この映画、松本人志氏やひろゆき氏など著名な方がさりげなく褒めてる事が多い映画なんですが自分も昔々にみて、一気に引き込まれた映画でした。


過去の歴史を劇中で再現し、スペクタクルシーンで盛り上げるいわゆる「史劇」映画は数あれど、物語の緩急がここまで上手い映画はあまりないかもしれません。主演・監督のメルギブソンは色々お騒がせなイメージも強いですが真摯に史実と向き合う姿勢を持っている事は間違いないのでしょう。


といっても本作も完全な史実ではなく、所々「脚色」されいる箇所はあるようです。


中世イギリスを舞台にした英雄譚


この時代のイギリスを題材にした作品は国内ではあまり馴染みがないかもしれません。ロードオブザリングやハリーポッターなどイギリス発のファンタジーは有名なのですが…


日本の漫画だとヴァイキングの時代を描いた「ヴィンランド・サガ」などがまさにこの頃のイギリス。イングランドから独立しようとするスコットランドの英雄、ウィリアム・ウォレスを主人公にした物語。

実際に緑溢れるイングランドやスコットランドの情景描写、小物1つ1つのディティールに到るまでかなりの拘りを感じられる作りになっています。


真に迫った合戦シーンと大河ドラマを思わせる壮大な展開


父親と嫁の仇敵となったイングランドへのに憎しみを募らせる展開…そして、各地を転戦し徐々に仲間を増やしていく過程。

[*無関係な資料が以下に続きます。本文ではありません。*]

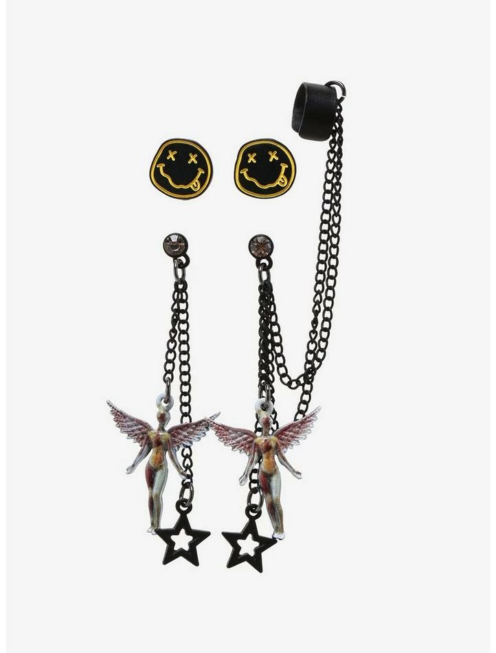 In Utero your fave Nirvana album? Now you can rock the iconic angel from the album cover with this Nirvana earring set! Featuring studs of their smile face logo, plus drop earrings with angel and star charms and a matching cuff.
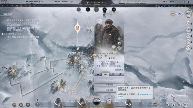 在游戏的初期阶段,其实还是以资源开发和生存建造为主要目的,这将持续游戏近一半的时间。初见的UI界面相较于1代更加简洁,上方是城市的各种资源数量,下方是人民的各种派系成员,底部中间的黑球代表城市的紧张度,天气、暴乱、卫生、法律等都会使黑球增加最终导致游戏结束。
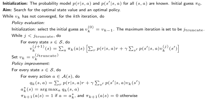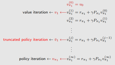 截断策略迭代算法(truncated policy iteration algorithm) 执行 有限次迭代(例如 j 次)。从 j 到 ∞ 的剩余迭代将被截断。
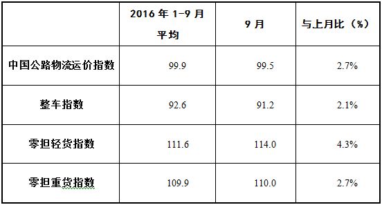 中國公路物流運價指數(shù)2016年9月為99.5點,比上月回升2.7%。本月運價指數(shù)環(huán)比回升,一方面是受到公路物流市場逐漸步入傳統(tǒng)旺季,需求回升所致;另一方面,受到治超新政實施等因素影響,運輸費用有所上漲,帶動價格指數(shù)回升。從各周情況看,月內(nèi)除第三周小幅回調(diào)外,其它各周均呈現(xiàn)“加快回升”的走勢。
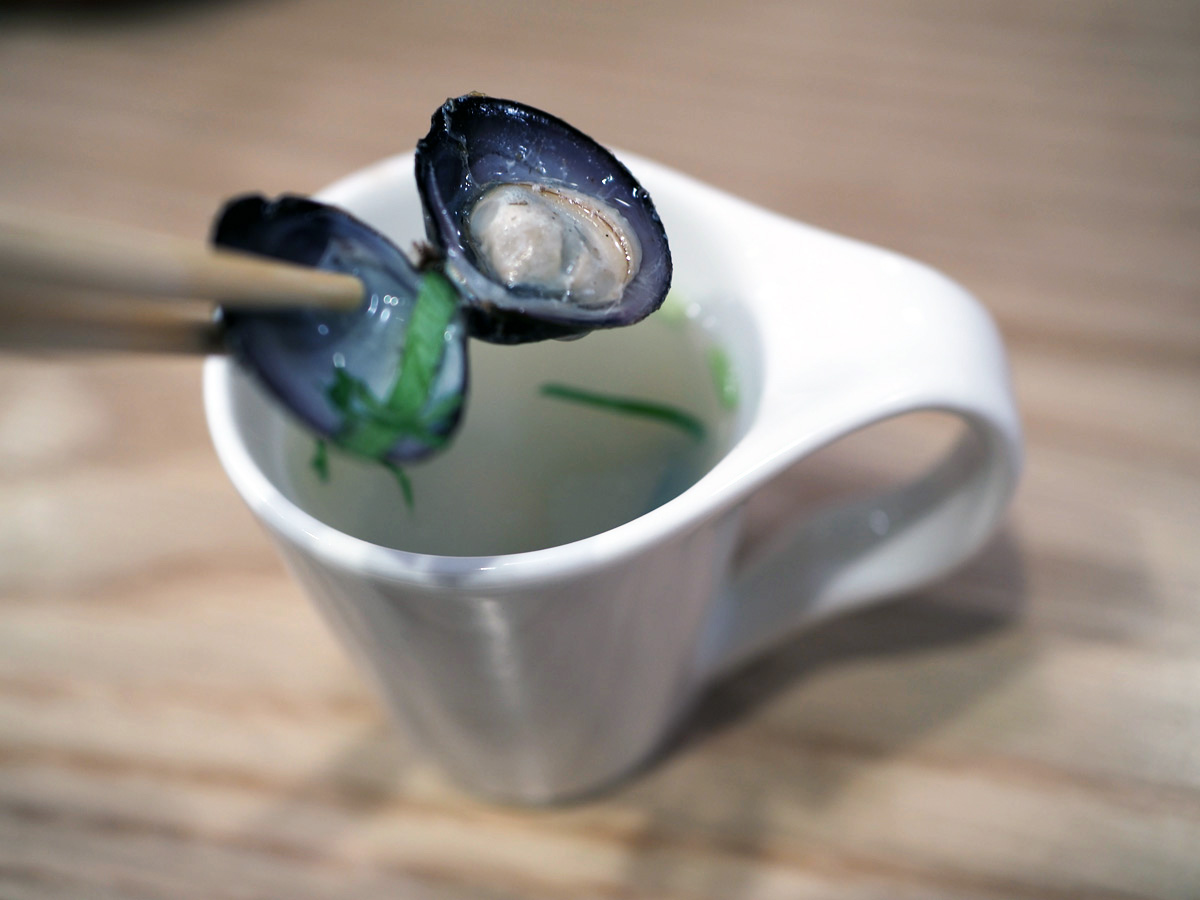 お酒好きにおすすめしたいのが、鬼しじみのエスプレッソ350円。大きな鬼しじみの濃厚なエキスが抽出されたスープが内臓にしみます。飲んだ後に飲みたいスープ。ほかに、鶏肉がごろごろ入った、鶏と生姜のスープ450円もあります。
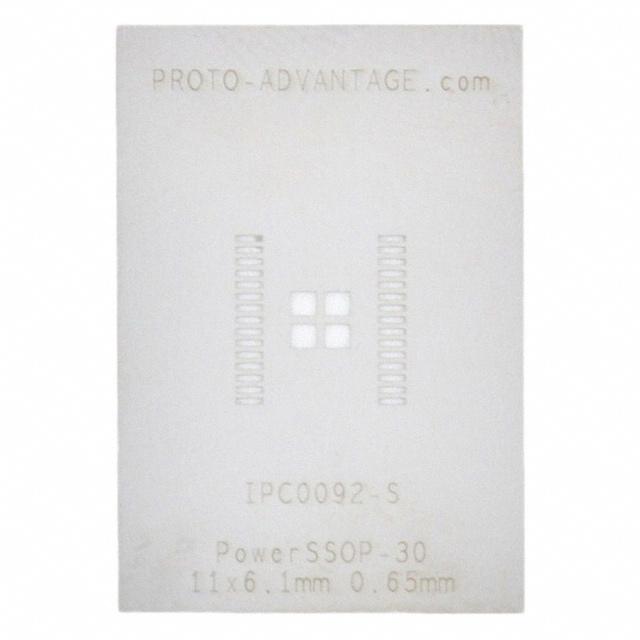This is manufactured by Chip Quik Inc.. The manufacturer part number is IPC0092-S. The product is made from highly stable and reliable stainless steel. It is assigned with possible HTSUS value of 7218.10.0000. The product is rohs3 compliant. It is 0.0040" (0.102mm) thick. It comes in powerssop configuration. The product carries possible position value of 30. Outer dimensions are 1.300" l x 0.900" w (33.02mm x 22.86mm). Inner dimensions include - [Inner Dimensions]. In addition, it is reach unaffected. It is shipped in bulk package . Its typical moisture sensitivity level is 1 (unlimited). The product proto-advantage ipc, is a highly preferred choice for users. The thermal center pad has 0.162" l x 0.154" w (4.11mm x 3.91mm). Moreover, the product is 0.026" (0.65mm). The product is designated with the ear99 code number.

貴族の内乱による主人公の暗転。中世を描いた日本の大河ドラマから、中国の史劇…果てはベルセルクのようなダークファンタジーまで、主人公たちが軍隊として上り詰め、宮廷の陰謀によって暗転する流れはある意味大河ドラマの王道と言えるかもしれません。


本作が凄いのは、そのような大河ドラマ的展開を実に手際よく見せている手法。主人公がいかにして剣を取るに至るのか、各地で奮闘し仲間を増やしていくのか事態が暗転する終盤にかけても、1つ1つのシーンが印象的で真に迫るものになっているのです。


そして極めつけが弓矢と馬が入り乱れるエキストラ大量動員の歴史的な合戦シーン。慢心するイングランド側とそれを追いやるスコットランド側の起点や思いがけぬ逆転劇、戦いの前のウォレスの演説まで全ての流れが実に絶妙にはまっているのです。


最近の大河ドラマなどはこういう合戦シーンを割と手短に端折ってしまうのが残念なのですがここまで気合の入った合戦シーンは他の映画でも滅多に見られないレベルです。必見。